Siswa dengan gaya belajar visual mengalami sedikit penurunan motivasi belajar, hal ini disebabkan dari ketidakterlibatan langsung dalam membuat model prisma dan limas. Siswa yang mempunyai gaya belajar visual ini hanya membantu temannya dengan membacakan apa yang diperintahkan pada LKS, kemudian siswa dengan gaya belajar kinestetik yang mengerjakannya. Disamping itu,

mereka terlihat bingung ketika disuruh untuk mengerjakan kegiatan yang diperintahkan pada LKS. Setelah ditanyakan apa penyebabnya, siswa ini menjawab masih belum bisa memanfaatkan model yang ada, dikarenakan dominasi kerja yang dilakukan siswa dengan gaya belajar kinestetik. Namun mereka tetap semangat dalam belajar karena dari kegiatan belajar yang ada mereka dapat secara nyata melihat bagian-bagian dari bangun prisma dan limas tersebut, dan merasa bangga terhadap hasil karya yang dibuat.

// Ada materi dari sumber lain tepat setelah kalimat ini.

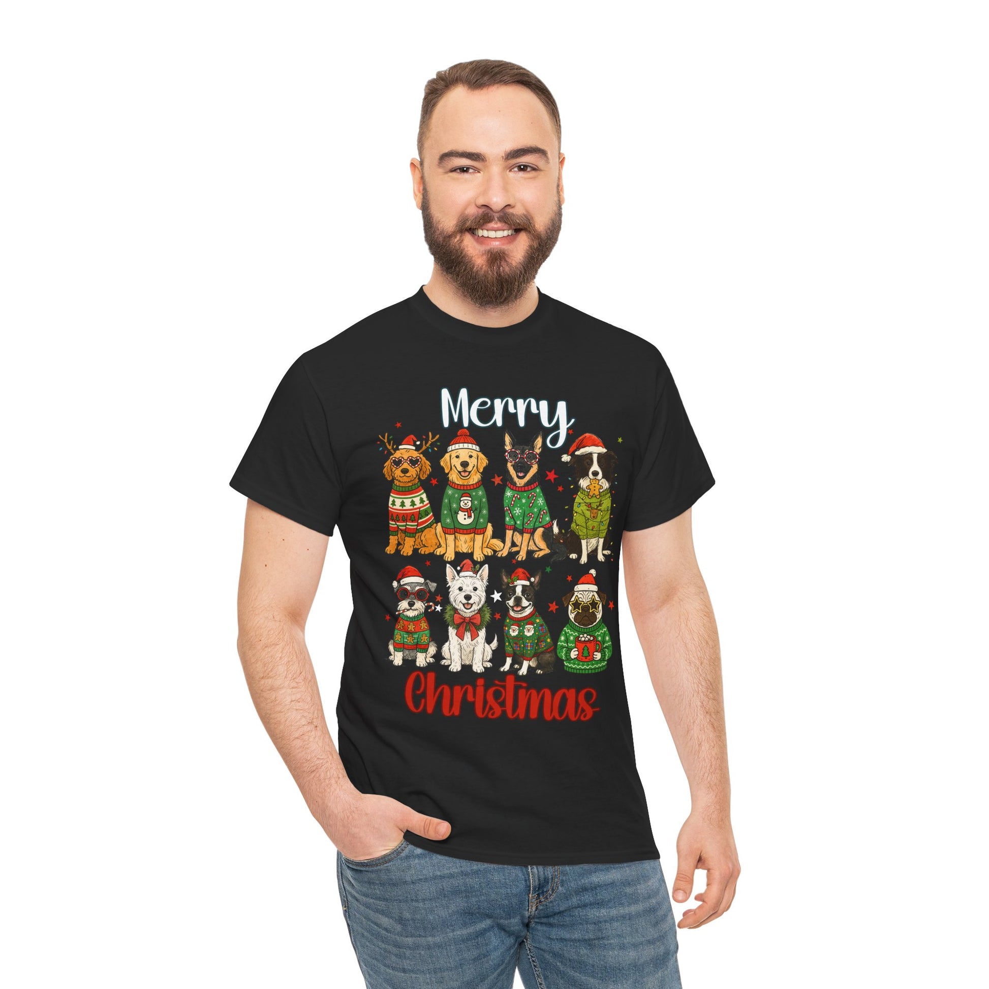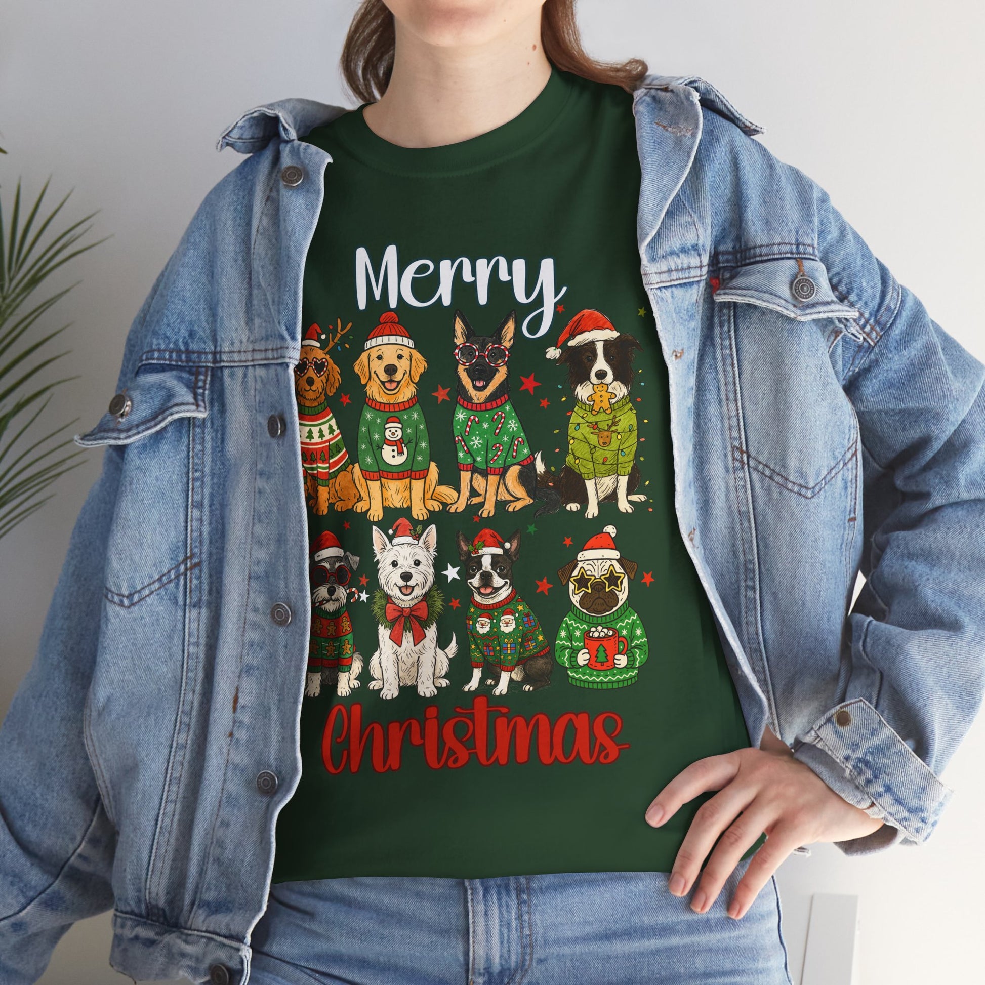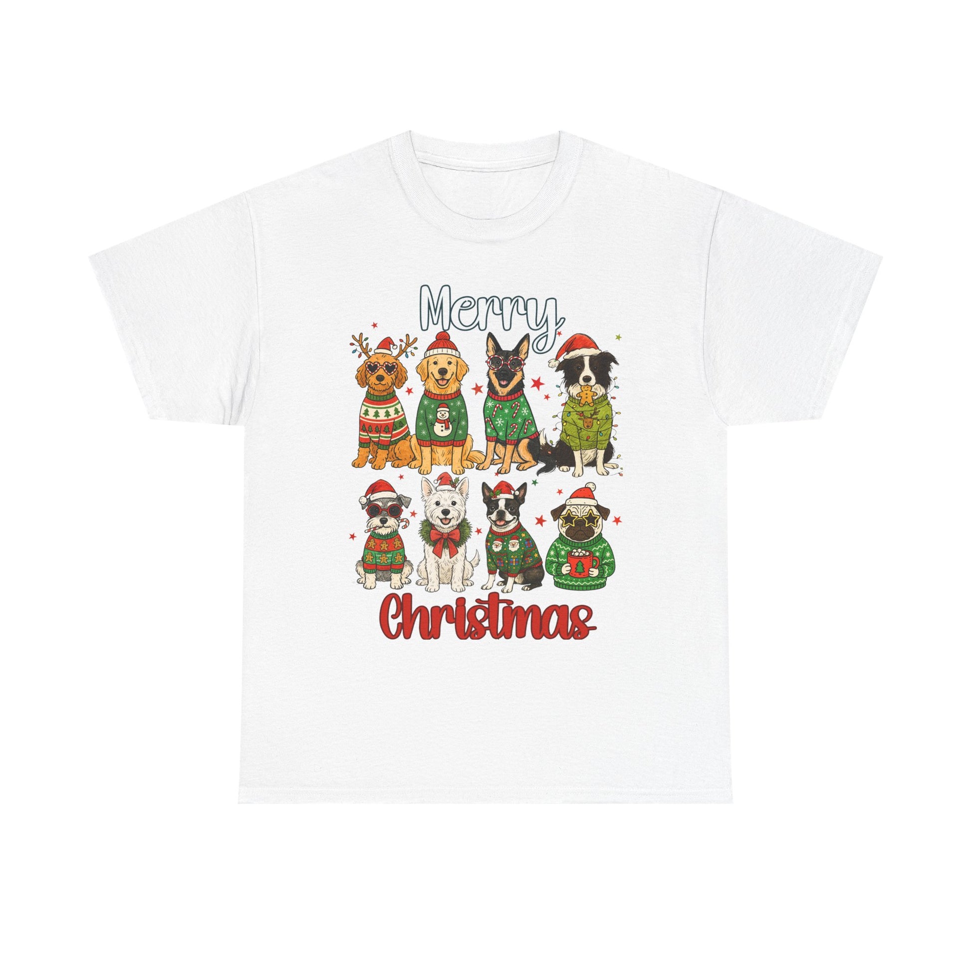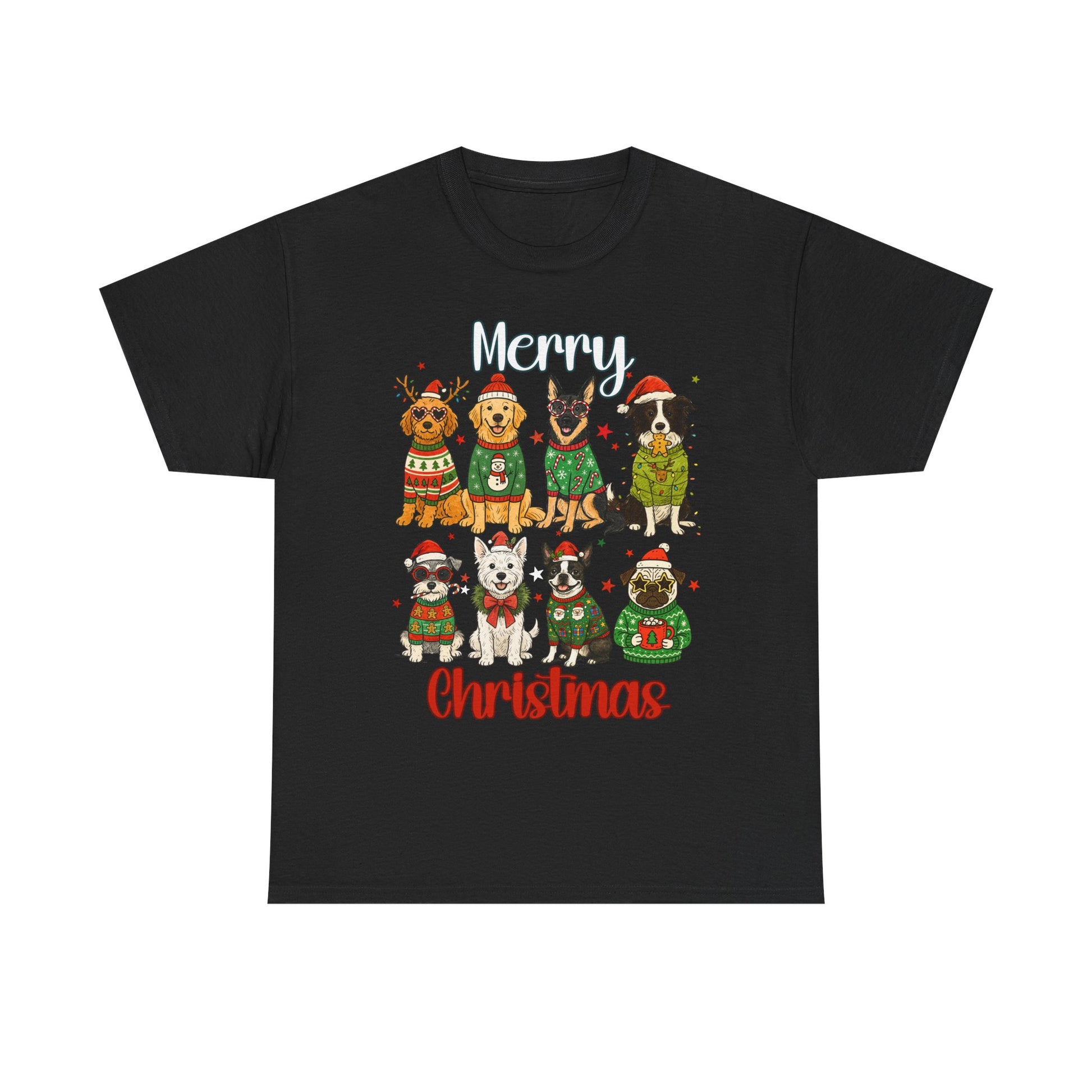 Eight goofy pups decked out in knit sweaters and Santa hats march across the chest, each one caught mid-joy — a snaggle-toothed corgi grin, a dignified lab’s stoic stare, a fluffball shaking snow from its coat. Simple, warm, and a little silly, this shirt carries the quiet chaos of a family holiday: the living room strewn with twinkling lights, the scent of spice from the kitchen, and the sound of paws on hardwood. Slip it on for casual gatherings, morning cocoa runs, or a cozy movie night; the soft cotton and classic crew shape sit easy while the print sparks smiles and conversation. It’s for dog people who love the mess and magic of the season and want their outfit to say so — low-key festive, honest, and full of heart.

Selanjutnya siswa dengan gaya belajar auditorial mengalami peningkatan motivasi belajar yang tidak signifikan. Hal yang sama juga terjadi pada siswa auditorial dengan visual, dimana kurangnya keterlibatan langsung mereka dalam membuat model prisma dan limas. Mereka cenderung melihat saja apa yang dilakukan oleh anggota kelompok mereka, dan merasa terganggu dengan suasana kelas yang ribut. Walaupun demikian antusiame mereka terlihat dalam mempresentasikan hasil kerja kelompoknya

Dari kondisi tersebut, terlihat bahwa penerapan pembelajaran dengan perangkat kinestetik ini siswa yang bergaya belajar visual, auditorial, dan kinestetik ternyata mempunyai motivasi belajar yang berbeda-beda. Hal ini sesuai dengan karakteristik gaya belajar masing-masing, dimana setiap gaya belajar mempunyai keunikan sendiri dalam menyerap dan menerima informasi yang ada.

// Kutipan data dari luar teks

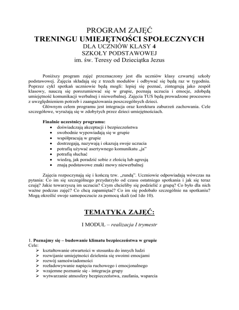 PROGRAM ZAJĘĆ TRENINGU UMIEJĘTNOŚCI SPOŁECZNYCH DLA UCZNIÓW KLASY 4 SZKOŁY PODSTAWOWEJ im. św. Teresy od Dzieciątka Jezus Poniższy program zajęć przeznaczony jest dla uczniów klasy czwartej szkoły podstawowej. Zajęcia składają się z trzech modułów i odbywać się będą raz w tygodniu. Poprzez cykl spotkań uczniowie będą mogli: lepiej się poznać, zintegrują jako zespół klasowy, nauczą się porozumiewać się w grupie, poznają uczucia i emocje, zdobędą umiejętność komunikacji werbalnej i niewerbalnej. Zajęcia TUS będą prowadzone procesowo z uwzględnieniem potrzeb i zaangażowania poszczególnych dzieci. Głównym celem programu jest integracja oraz korektura zaburzeń zachowania. Cele szczegółowe, wyrażają się w zdobytych przez dzieci umiejętnościach. Finalnie uczestnicy programu: doświadczają akceptacji i bezpieczeństwa swobodnie wypowiadają się w grupie współpracują w grupie dostrzegają, nazywają i okazują swoje uczucia potrafią używać asertywnego komunikatu „ja” potrafią słuchać wiedzą, jak poradzić sobie z złością lub agresją znają podstawowe znaki mowy niewerbalnej Zajęcia rozpoczynają się i kończą tzw. „rundą”. Uczniowie odpowiadają wówczas na pytania: Co im się szczególnego przydarzyło od czasu ostatniego spotkania i jak się teraz czują? Jakie towarzyszą im uczucia? Czym chcieliby się podzielić z grupą? Co było dla nich ważne podczas zajęć? Co chcą zapamiętać? Co im się podobało szczególnie na spotkaniu? Mogą określić swoje samopoczucie za pomocą skali (od 1do 10). TEMATYKA ZAJĘĆ: I MODUŁ – realizacja I trymestr 1. Poznajmy się – budowanie klimatu bezpieczeństwa w grupie Cele: kształtowanie otwartości w stosunku do innych ludzi rozwijanie umiejętności dzielenia się swoimi emocjami rozwój samoświadomości rozładowywanie napięcia ruchowego i emocjonalnego wzajemne poznanie się - integracja grupy wytwarzanie atmosfery bezpieczeństwa, zaufania, wsparcia 2. Tworzymy grupę – ustalamy zasady Cele: Nauczenie się otwartego i bezpośredniego zachowania wobec innych w grupie” tu i teraz” Odreagowanie napięć i emocji Wytworzenie bezpiecznej atmosfery w grupie przez zabawę Ustalenie reguł i norm grupowych Rozwijanie koncentracji uwagi Rozwijanie twórczego myślenia 3. Ćwiczenia wstępne i budujące emocje Cele: Budowanie wzajemnego zaufania ukazywanie pozytywnych cech osobowości Tworzenie doświadczeń korygujących zaburzenia związane z funkcjonowaniem społecznym Dostarczanie dzieciom poczucia bezpieczeństwa, otwartości, i szczerości Przyjazne współdziałanie w grupie Zwiększenie świadomości emocji odczuwalnych w różnych sytuacjach Konfrontowanie własnych opinii na swój temat z opiniami innych osób II MODUŁ – realizacja II trymestr 1. Rozpoznajemy i nazywamy uczucia Cele: Akceptowanie własnych uczuć Dostrzeganie potrzeb innych, budowanie empatii Nabywanie umiejętności wyrażania uczuć Rozpoznawanie emocji Zgodne działanie w zespole 2. Wyrażamy uczucie swoje i szanujemy uczucia innych Cele: Odreagowanie napięć i emocji Właściwe rozpoznawanie emocji u siebie i innych Rozwijanie umiejętności udzielania informacji zwrotnych Zgodne współdziałanie w grupie Tworzenie prac pokazujących uczucia 3. Uczymy się lepiej rozumieć siebie i innych Cele: Rozwijanie zdolności empatycznych Utrwalenie więzi grupowej Nauka radzenia sobie z napięciem (relaks) - odreagowanie emocji Uświadomienie sobie, że uczucia mogą się zmieniać Wytworzenie atmosfery bezpieczeństwa, zaufania i wsparcia Rozpoznawanie emocji u siebie i innych III MODUŁ – realizacja III trymestr 1. Opanowujemy i przezwyciężamy złości Cele: Odreagowanie napięcia Ćwiczenie umiejętności koniecznych do wzięcia odpowiedzialności za swoje zachowanie w kontaktach z innymi i do panowania nad tymi zachowaniami Ćwiczenie umiejętności radzenia sobie z napięciem Określenie własnego sposobu radzenia sobie ze złością Sposoby przeżywania złości i jej skutki 2. Dlaczego zachowujemy się agresywnie Cele: Odróżnienie zachowania agresywnego od nieagresywnego, określenie definicji agresji Uświadomienie sobie przez uczniów różnych przyczyn zachowań agresywnych Poszukiwanie sposobu zapobiegania tym zrachowaniom Pokazywanie dzieciom, że dokuczanie i wyśmiewanie to też agresja oraz uświadomienie im, jakie może powodować skutki 3. Używanie agresji, grupa, a przemoc Cele: Pokazanie dzieciom, co wpływa na to, że uczą się agresji, przemocy Uświadomienie uczniom istnienia społecznych przekazów używania agresji Uświadomienie sobie przez uczniów związku pomiędzy przynależnością do grupy, a zachowaniami agresywnymi jej członków 4. Eliminowane zachowań agresywnych w grupie i poza nią Cele: Wdrażanie do odpowiedzialności za swoje czyny Ustalenie wspólnego stanowiska w danej sprawie Zrozumienie intencji drugiej osoby oraz określenie strategii konstruktywnego rozwiązania konfliktów Wykształcenie motywacji do unikania sytuacji „trudnych” Eliminowanie postaw agresywnych Zaznajomienie wychowanków z postawami, normami i wzorami akceptowanymi i obowiązującymi a danym społeczeństwie, środowisku 5. Co znaczy być asertywnym Cele: Przybliżenie terminu „ asertywność” Nauczenie się rozpoznawania poszczególnych typów zachowań- agresywne, uległe i asertywne Zapoznanie z własnymi „ asertywnymi prawami” Trenowanie zachowań asertywnych Uczenie się argumentacji Nauka pokonywania barier komunikacji między ludzkiej Nauka efektywnego porozumiewania się w sytuacjach konfliktowych Poznanie zasad komunikacji interpersonalnej

Sementara itu, Nasution (1998:94) menyatakan bahwa gaya belajar adalah cara konsisten yang dilakukan siswa. Kekonsistenan itu berupa kemampuan dalam menangkap stimulus atau informasi, cara mengingat, berfikir, dan memecahkan soal. Artinya, bagaimana siswa belajar dapat diketahui dengan cara-cara siswa

dalam menerima dan mengolah informasi, proses berfikir mereka, dan kecenderungan mereka dalam memecahkan masalah belajar.